PROBLEM DESCRIPTION:
What you return should be the full listing, copied exactly and stripped of its pictures.

GIVEN INFORMATION:
····················
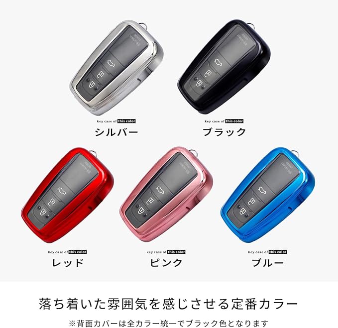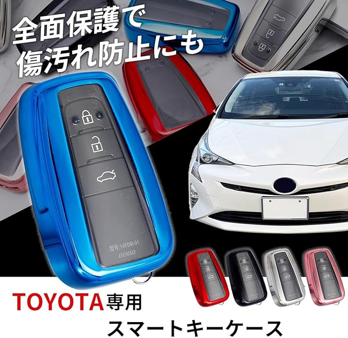 トヨタ製の車種に適合するスマートキーケースです。 光沢仕様で高級感をアップさせてくれます。 シルバー、ブラック、レッド、ブルー、ピンク ※背面カバーは全カラー統一でブラック色となります。 全面を保護する仕様のため傷からも守ってくれます。
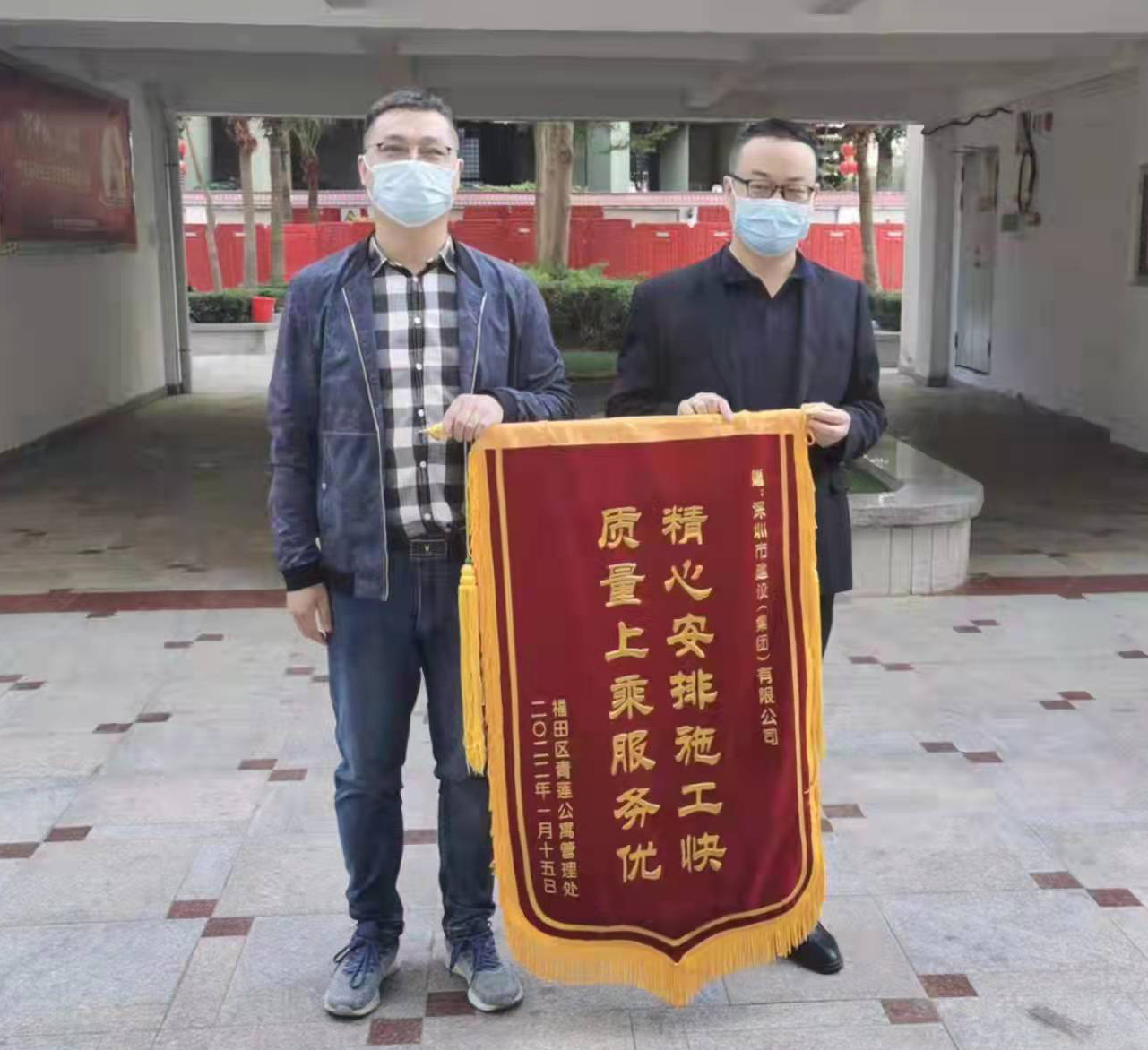 2022年1月21日,福田區(qū)青蓮公寓管理處有關同志向福田區(qū)第七期優(yōu)質飲用水入戶工程(第五批)施工總承包項目部贈送“精心安排施工快 質量上乘服務優(yōu)”的錦旗,項目經(jīng)理毛浣林代表項目部接受錦旗。此外,本項目施工范圍內的部分小區(qū)向其他參建方贈送錦旗。 ...
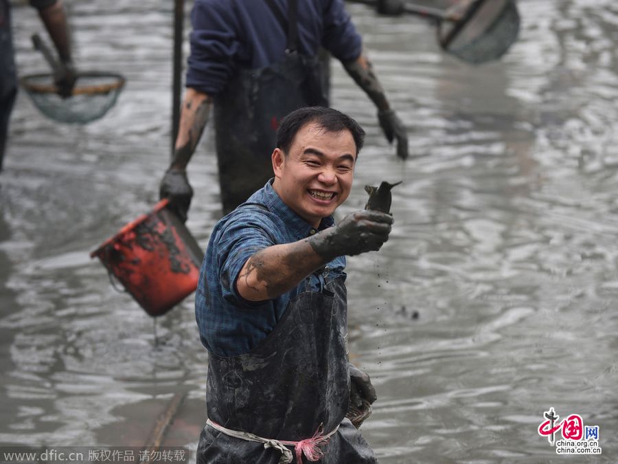 中国网11月10日讯 2014年11月9日,杭州西溪湿地-洪园举行干塘节。车水干塘捕鱼是由来已久的民间习俗,清挖池塘、抽水捕鱼,一家干塘,众邻帮忙,捕鱼捉虾,你争我抢,一派丰收喜庆景象。
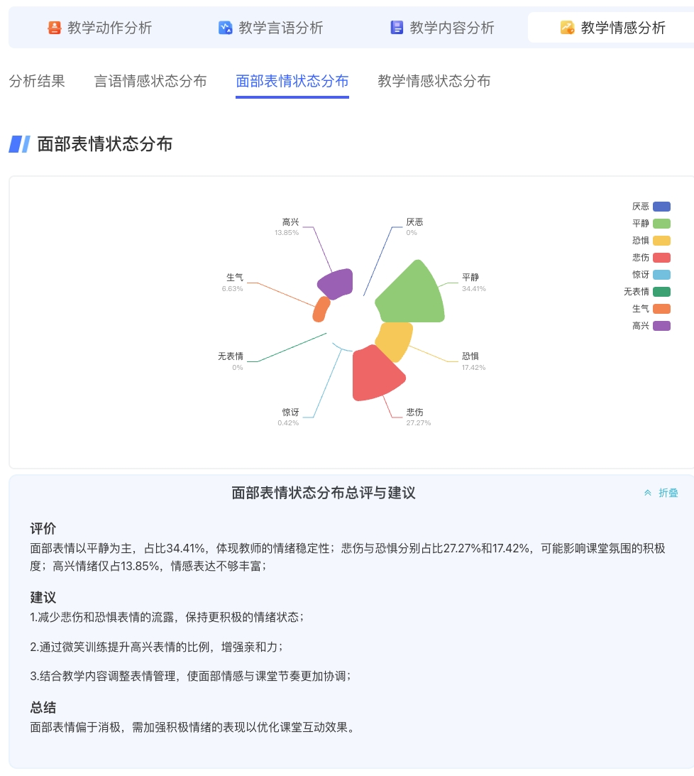 (2)教学言语分析。基于语音识别和文本理解AI技术,实时检测普通话表达、语义连贯性、课堂管理、课堂反馈、和语言风格等,深度解码课堂教学互动效果和知识传授密度。
····················
REPLY:
 トヨタ製の車種に適合するスマートキーケースです。 光沢仕様で高級感をアップさせてくれます。 シルバー、ブラック、レッド、ブルー、ピンク ※背面カバーは全カラー統一でブラック色となります。 全面を保護する仕様のため傷からも守ってくれます。
 2022年1月21日,福田區(qū)青蓮公寓管理處有關同志向福田區(qū)第七期優(yōu)質飲用水入戶工程(第五批)施工總承包項目部贈送“精心安排施工快 質量上乘服務優(yōu)”的錦旗,項目經(jīng)理毛浣林代表項目部接受錦旗。此外,本項目施工范圍內的部分小區(qū)向其他參建方贈送錦旗。 ...
 中国网11月10日讯 2014年11月9日,杭州西溪湿地-洪园举行干塘节。车水干塘捕鱼是由来已久的民间习俗,清挖池塘、抽水捕鱼,一家干塘,众邻帮忙,捕鱼捉虾,你争我抢,一派丰收喜庆景象。
 (2)教学言语分析。基于语音识别和文本理解AI技术,实时检测普通话表达、语义连贯性、课堂管理、课堂反馈、和语言风格等,深度解码课堂教学互动效果和知识传授密度。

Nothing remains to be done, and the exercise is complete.